Niets boven de liefde. Zo zal John Grant vast gedacht hebben toen hij een titel zocht voor zijn nieuwste album. Op Love Is Magic, de opvolger van het net drie jaar geleden verschenen Grey Tickles, Black Pressure stoeit de in Michigan geboren zanger volop met dance en elektronica. Niet direct wat je van hem zou verwachten. Net daarom komt dit album als een verrassing over.
Deels toch, daar Grant natuurlijk eerder al wel een zeker vrijage met elektronica had. Wie albums als Pale Green Ghosts (2012) er bij haalt, ontdekt zo dat die interesse niet helemaal nieuw is. Wél nieuw is dat Grant op zijn vierde album nauw samenwerkt met Ben Edwards. Minstens zo belangrijk in het groepsgeluid is de bas van Paul Alexander (Midlake). Maar hét uithangbord van John Grant blijft natuurlijk die énorm overweldigende présence en die stem van hem die meer dan ooit schittert.
Als vanouds speelt de barokke popmuzikant met thema’s als gezondheid, verslaving, liefde en relaties. Waarbij de spil de heilige liefde is die alles overwint. Liefde is magie, zo wil hij duidelijk stellen. Een mysterie dat nog steeds onverklaarbaar blijkt. Als vanouds is er die langdurige zoektocht geweest naar de juiste sound en de juiste woorden. Elke keer weer een hele klus. Maar het dient gezegd: het loonde absoluut de moeite.
Op het samen met Alexander gecoproduceerde Love Is Magic opent hij met het maar liefst zes minuten durende “Metamorphosis“, een hard dreunende, wat naar Bowie neigende discopoptrack die meteen al verwijst naar het idee van metamorfose, naar het concept van magische transformatie. Het ene wordt het andere, zonder dat je je er echt bewust van bent. En ten dele geldt dat ook voor de muziek op het album. Ook die verandert per luisterbeurt. Magie dus.

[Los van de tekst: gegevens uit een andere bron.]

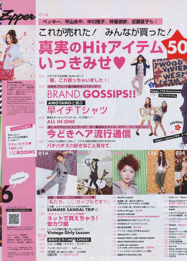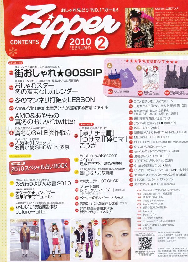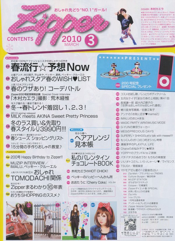 除此之外本志也深入少女们的生活,除了介绍流行资讯,还独家连载了最受欢迎的少女漫画作家矢泽爱老师的最新作品,喜欢矢泽爱老师「NANA」的读者们,当然也不能错过在Zipper中连载的作品,其作品中角色的衣装设计,很多也都和Zipper有所结合,推出独家的衣饰哦。

Zo merk je een zeer prominente drang naar synthpop die je eerder in de eighties zou situeren. Maar dan met een net iets modernere invalshoek. Dat is deels te wijten aan de inbreng van zijn medemuzikanten, maar zijn eigen inbreng is natuurlijk evenmin te versmaden. De invloed van het heengaan van Bowie, is duidelijk merkbaar, maar Grant gaat verschillende richtingen op. Soms zelfs in een dezelfde song, zoals “Metamorphosis”al duidelijk maakte, nog vaker in het album als geheel.
Prominent is de elektronica die de songs stut, al slaagt de groep erin om de songs zo op te bouwen dat ze ook in een kalere, gestripte versie overeind blijven. Zoals de titeltrack, waarin alweer die sterk aanwezige Bowie invloed (en Queen!) opduikt. Het knappe is dat Grant en co de songs op het album niet al te vol proppen met elektronicasounds (de kitschy dancefloorfiller “Preppy Boy” heeft wat van de soundtrack van een game), waardoor er net genoeg gebeurt om het album ook bij meerdere luisterbeurten interessant te houden.
En ook op thematisch vlak zitten er wat verrassingen in. Niet in het minst bij afsluiter “Touch And Go“, dat gebaseerd is op Channing. Elders gaat het onder meer om lichamelijke verzuchtingen (“He’s Got His Mother’s Hips“), verslaving dus (“Diet Gum“) en bovenal liefde die zo magisch is dat ze in royale dosissen te vinden is op Love Is Magic, dat bovendien gepaard gaat met hoogst bijzonder artwork.